Colin Souza, 36, will become vice president and chief financial officer of Worthington Enterprises effective Nov. 1, 2024. He is currently vice president of finance for the Company overseeing financial planning and analysis, corporate development, M&A and corporate strategy and innovation. In 2023, Souza led the project management office for Worthington 2024. Souza joined the Company in 2011 and has held numerous finance and strategy roles throughout his tenure. He earned his bachelor’s degree in finance and economics and master’s degree in business administration from The Ohio State University and holds a Chartered Financial Analyst (CFA) designation.
About Worthington Enterprises
Worthington Enterprises (NYSE: WOR) is a designer and manufacturer of market-leading brands that help enable people to live safer, healthier and more expressive lives. The Company operates with two primary business segments—Building Products and Consumer Products. The Building Products segment includes cooking, heating, cooling and water solutions, architectural and acoustical grid ceilings and metal framing and accessories. The Consumer Products segment provides solutions for the tools, outdoor living and celebrations categories. Product brands within the Worthington Enterprises portfolio include Balloon Time®, Bernzomatic®, Coleman® (propane cylinders), CoMet®, Garden-Weasel®, General®, HALO™, Hawkeye™, Level5 Tools®, Mag Torch®, NEXI™, Pactool International®, PowerCore™, Well-X-Trol® and XLite™, among others. The Company also serves the growing global hydrogen ecosystem via a joint venture focused on on-board fueling systems and gas containment solutions.

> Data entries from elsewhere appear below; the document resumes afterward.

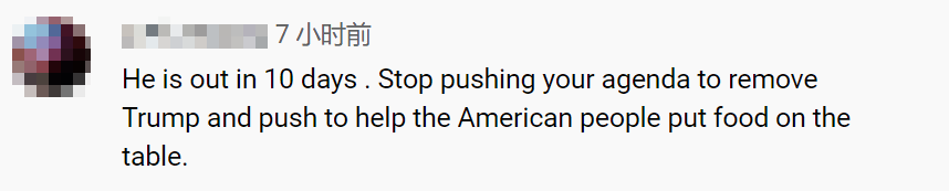特朗普就剩十天的任期了。你们别再把你们工作的重点都放在弹劾特朗普上了。能不能解决下老百姓吃饭问题。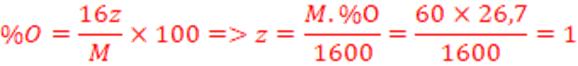 %O=(2X16/M) x100 =>M=3200/%O=3200/(100-(58,8+9))=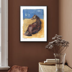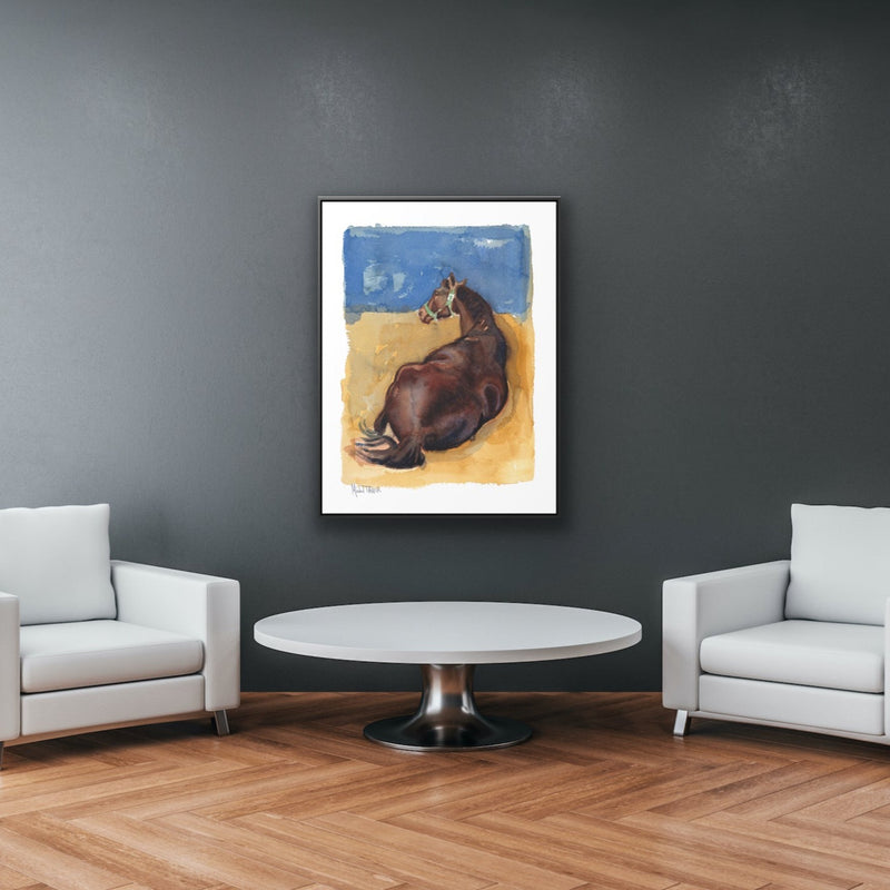 Watercolor Painting of a Brown French Saddlebred horse resting on sand on a blue sky day.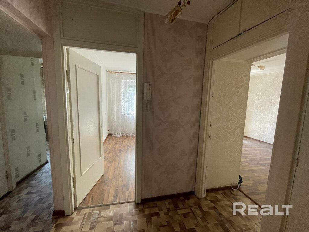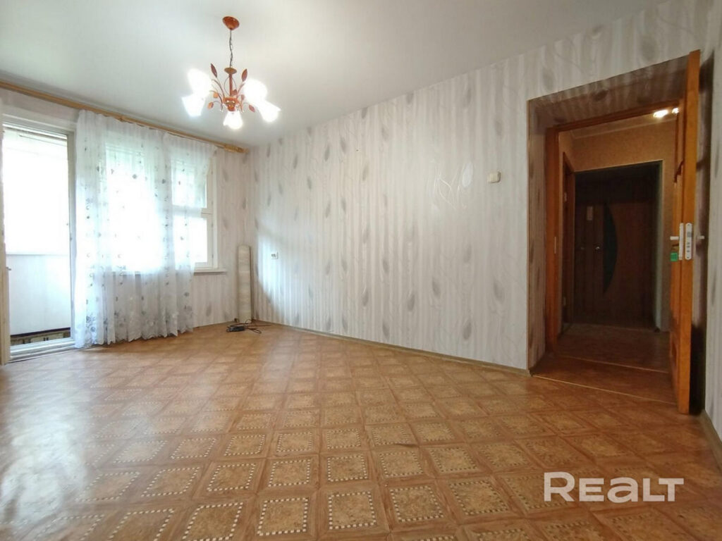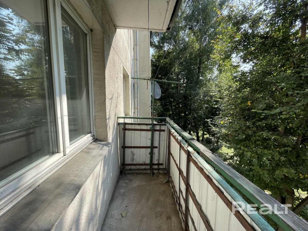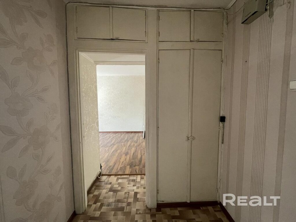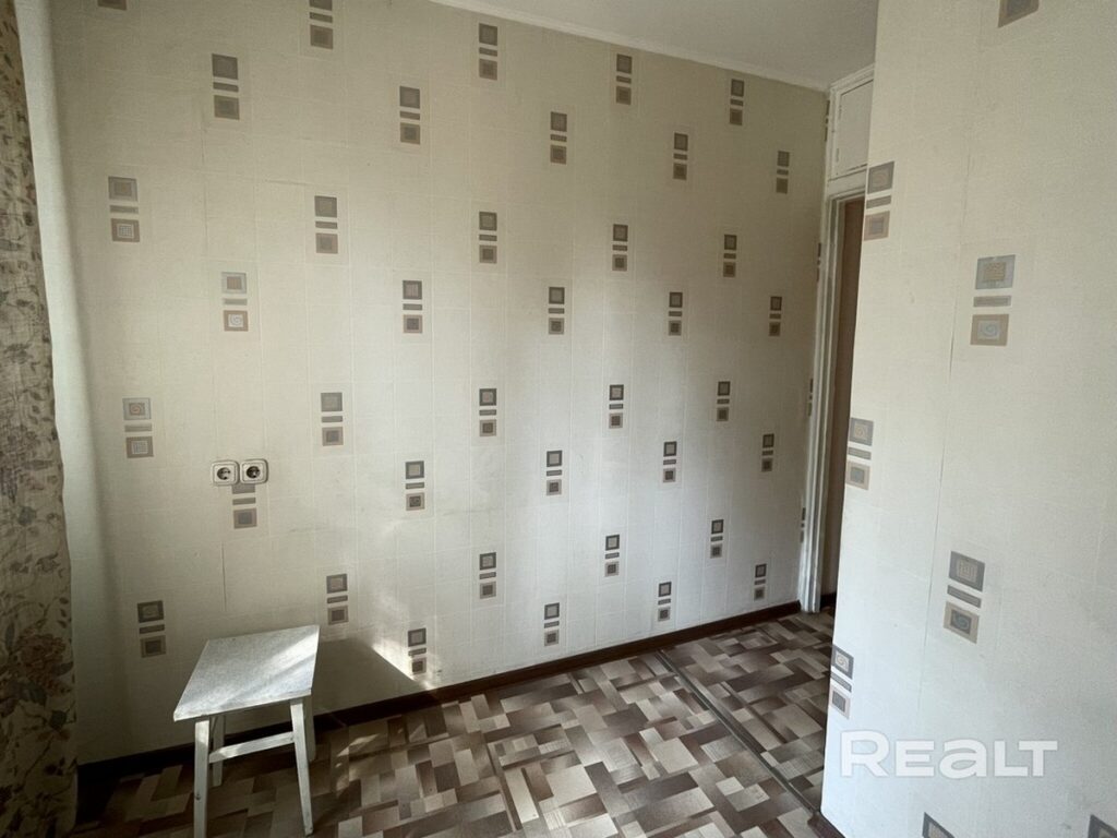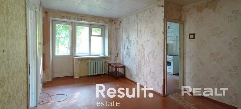 Внутри требуется провести некоторые обновления. В квартире установлены стеклопакеты, а на полах лежат линолеум и плитка. Обе изолированные комнаты уже освобождены от мебели и бытовой техники. В коридоре предусмотрены встроенные шкафы для хранения вещей. Из одной из комнат имеется выход на открытый балкон.

Headquartered in Columbus, Ohio, Worthington Enterprises and its joint ventures employ approximately 6,000 people throughout North America and Europe.

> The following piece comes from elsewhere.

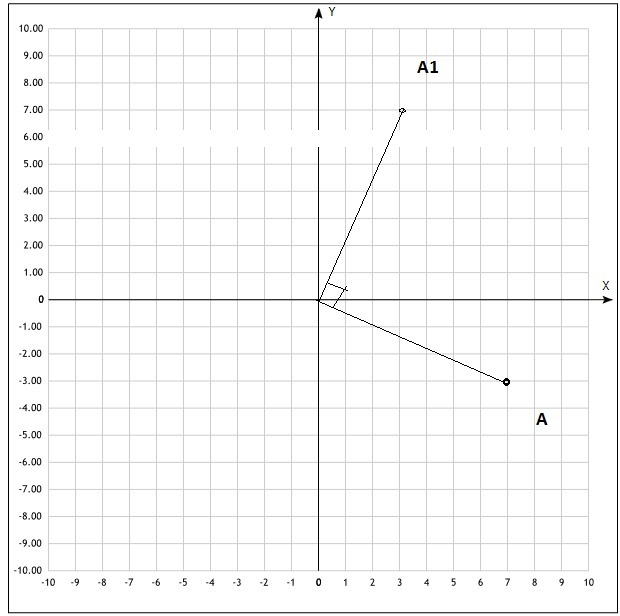 Точка А (7; −3) переходит в точку А1 при повороте на 90° против часовой стрелки вокруг начала координат. Укажите координаты точки А1.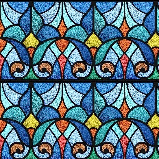 Yapışkanlı Vitray Desenli Folyo, Mavi Şeffaf Folyolar 0917

Founded in 1955 as Worthington Industries, Worthington Enterprises follows a people-first Philosophy with earning money for its shareholders as its first corporate goal. Worthington Enterprises achieves this outcome by empowering its employees to innovate, thrive and grow with leading brands in attractive markets that improve everyday life. The Company engages deeply with local communities where it has operations through volunteer efforts and The Worthington Companies Foundation, participates actively in workforce development programs and reports annually on its corporate citizenship and sustainability efforts. For more information, visit worthingtonenterprises.com.

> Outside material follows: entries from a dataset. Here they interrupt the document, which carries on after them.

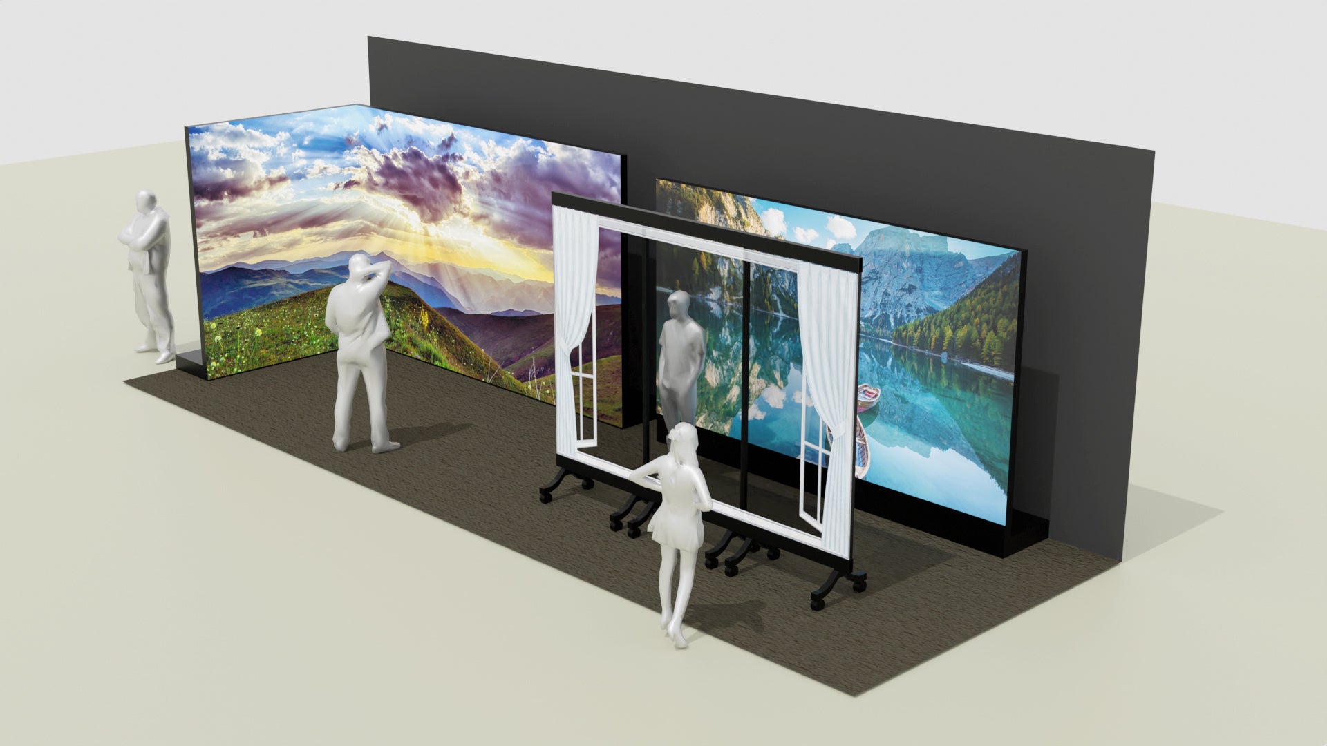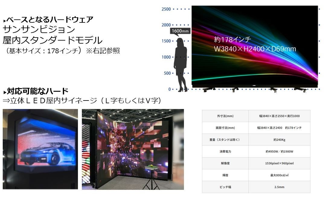 三幸電子製の「サンサンビジョン屋内スタンダードモデル」をベースとする今回のXRサイネージのメインパネルは、外寸法が幅3840×高さ2550×奥行1000mmで、画面寸法は幅3840×高さ2400mm、約178インチの大画面を誇ります。重量は約240Kg(スタンドは除く)で、消費電力は最大で約4950W、平均で約1980Wです。解像度は1536pixel×960pixelで、輝度は800cd/㎡、ピッチ幅は2.5mmとなっており、鮮明な映像を大画面で提供することが可能です。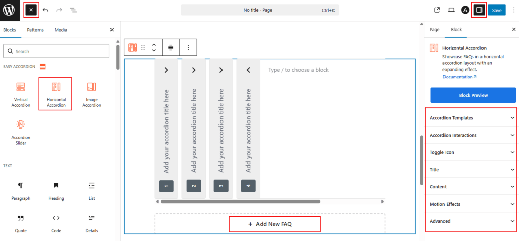 - You can also use the Easy Accordion Gutenberg block for live placement.
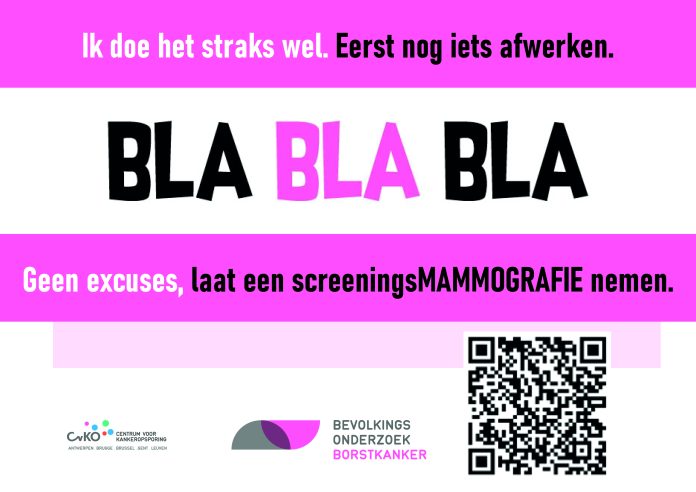 Vroegtijdige opsporing is de beste bescherming tegen borstkanker. Laat van je 50ste tot en met je 69ste elke twee jaar een screeningsmammografie nemen. Jullie ontvangen hiervoor een brief met een uitnodiging. Het onderzoek is gratis en snel. Geen excuses dus.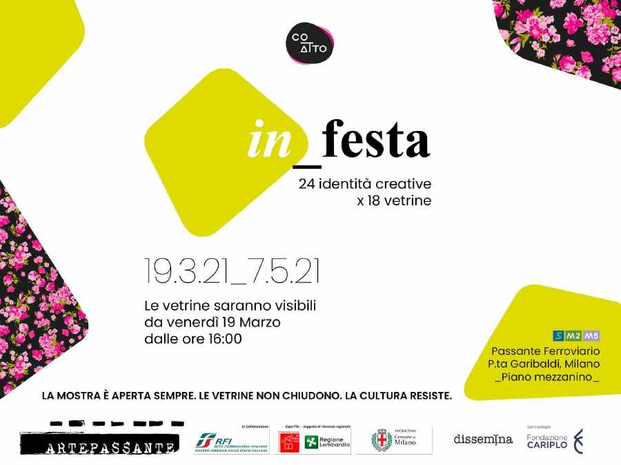 Il 19 marzo 2021 dalle ore 16.00 inaugura in_festa, prima mostra di co_atto, il nuovo project space milanese, che si articola in 18 vetrine nella stazione Porta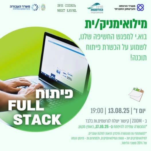 הזדמנות למשרתי מילואים: מרכז הזדמנות רחובות ו-She Codes מציעים הכשרה מסובסדת בפיתוח תוכנת Full Stack, מפגש חשיפה יתקיים ב-13.08.2025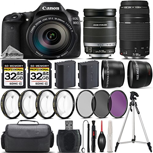 Canon EOS 80D DSLR Camera + Canon 18-200mm IS Lens + Canon 75-300mm Lens + 0.43X Wide Angle Lens + 2.2x Telephoto Lens + 64GB Storage + 4PC Macro Kit + UV-CPL-FLD Filters - International Version
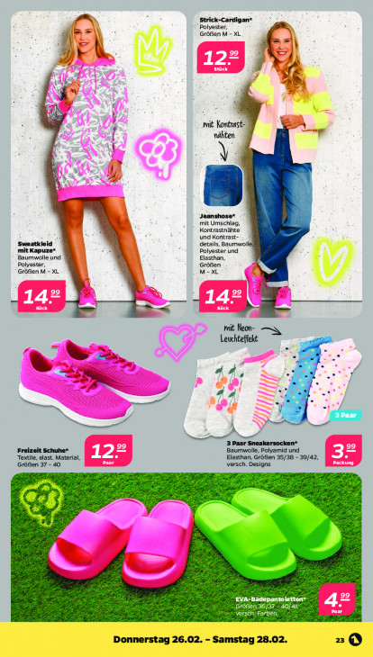 Bitte beachten Sie, dass dieser Text automatisch generiert wird und möglicherweise Fehler enthältStrick-Cardigan* Polyester, ie ® ‚Größen M- XL = = PA a > (a 5 ie M Ne N mit: Kontrast: nähten | KS / A Jeanshose* mit Umschlag, Kontrastnähte und Koritrast- 4 Sweatkleid 3 details, Baumwolle; mit Kapuze* Polyester und Baumwolle und Elasthan, Polyester, ‘Größen GrôBen M - XL M-XL F mit Neon- TK Leuchteffekt Ss zu = as a 3 Paar Sneakersocken* Freizeit Schuhe* Baumwolle, Polyamid und Textile, elast. Material, Elasthan, Größen 35/38 - 39/42, ‚Größen 37 - 40 versch. Designs a I EVA-Bädepantoletten* (EEE EN NR en Donnerstag 26.02. - Samstag 28.02. 3 ©
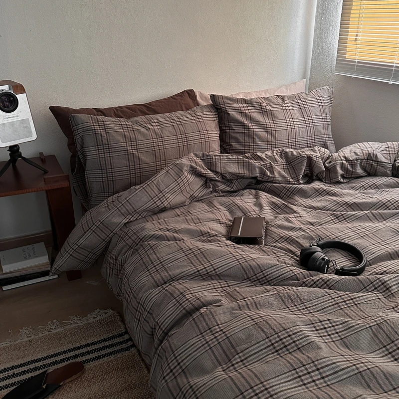 Bettbezug aus 100 % Baumwolle, karierter Stil, Bettwäsche, Deckenbezüge, 160 x 210 cm, Bettbezug Housse de Couette 220 x 240 (Kissenbezug, benötigt Bestellung)

Forward-Looking Statements
Statements by Worthington Enterprises that are not limited to historical information constitute “forward-looking statements” under federal securities laws. Forward-looking statements are subject to various risks, uncertainties and other factors that may cause actual results to differ materially from those expected by Worthington Enterprises. Readers should evaluate forward-looking statements in the context of such risks, uncertainties and other factors, many of which are described in Worthington Enterprises’ filings with the Securities and Exchange Commission (“SEC”). Forward-looking statements are qualified by the cautionary statements included in Worthington Enterprises’ SEC filings and other public communications. This press release speaks only as of the date hereof. Worthington Enterprises does not undertake any obligation to update or revise its forward-looking statements except as required by applicable law or regulation.